(Data listing)

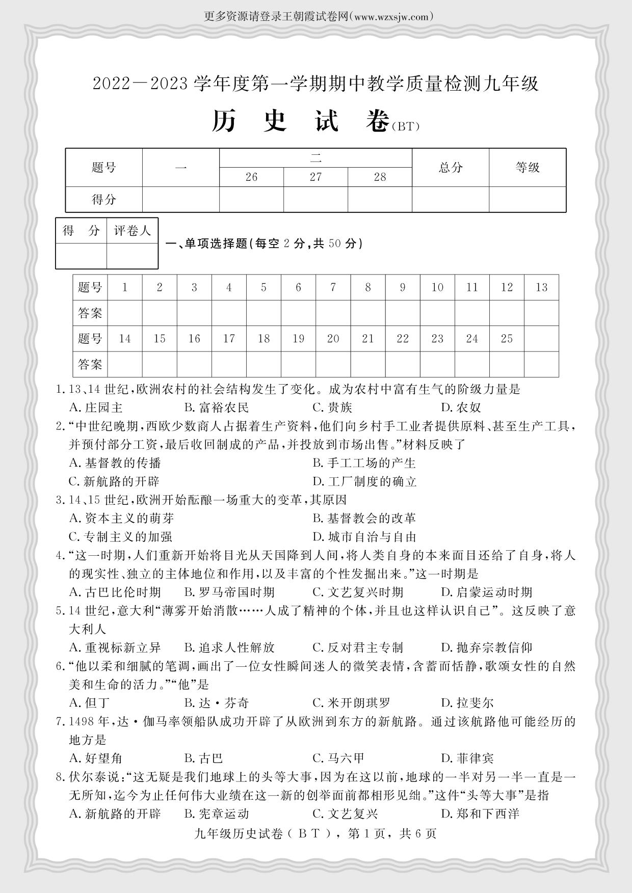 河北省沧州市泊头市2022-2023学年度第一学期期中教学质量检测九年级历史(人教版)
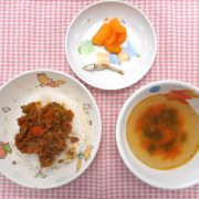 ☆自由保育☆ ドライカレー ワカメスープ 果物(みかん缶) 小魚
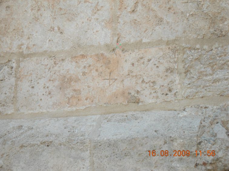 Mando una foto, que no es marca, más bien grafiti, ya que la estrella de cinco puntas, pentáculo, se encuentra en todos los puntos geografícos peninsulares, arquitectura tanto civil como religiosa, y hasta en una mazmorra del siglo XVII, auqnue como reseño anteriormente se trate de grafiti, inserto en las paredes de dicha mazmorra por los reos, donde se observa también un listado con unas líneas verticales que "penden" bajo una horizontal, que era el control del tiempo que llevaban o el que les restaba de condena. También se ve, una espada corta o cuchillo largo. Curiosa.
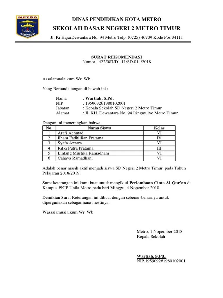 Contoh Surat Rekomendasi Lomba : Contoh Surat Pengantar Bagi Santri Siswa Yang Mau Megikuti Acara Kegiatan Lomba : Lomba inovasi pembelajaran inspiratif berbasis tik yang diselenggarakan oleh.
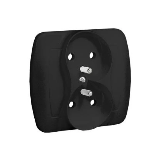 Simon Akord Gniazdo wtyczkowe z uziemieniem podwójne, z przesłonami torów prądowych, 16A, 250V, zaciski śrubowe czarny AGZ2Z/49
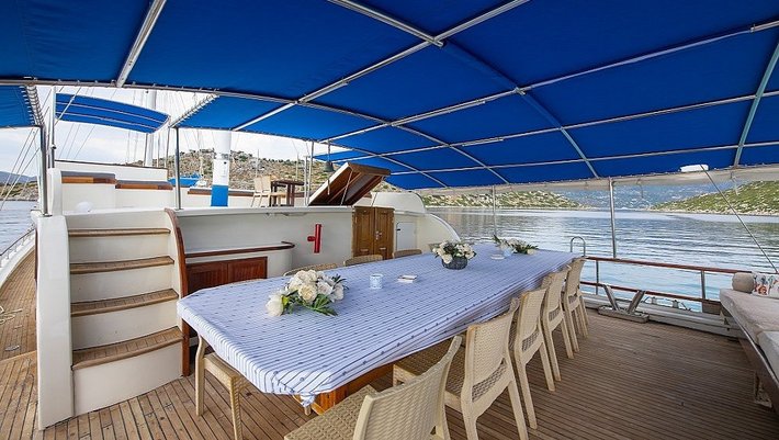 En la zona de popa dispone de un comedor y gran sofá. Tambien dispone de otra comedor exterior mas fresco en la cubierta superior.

(End Data listing)

* About this exercise
Output the records above as they stand, from the first line to the line with "ワカメスープ 果物(みかん缶) 小魚", inclusive, and exclude the pictures.

* Result
 河北省沧州市泊头市2022-2023学年度第一学期期中教学质量检测九年级历史(人教版)
 ☆自由保育☆ ドライカレー ワカメスープ 果物(みかん缶) 小魚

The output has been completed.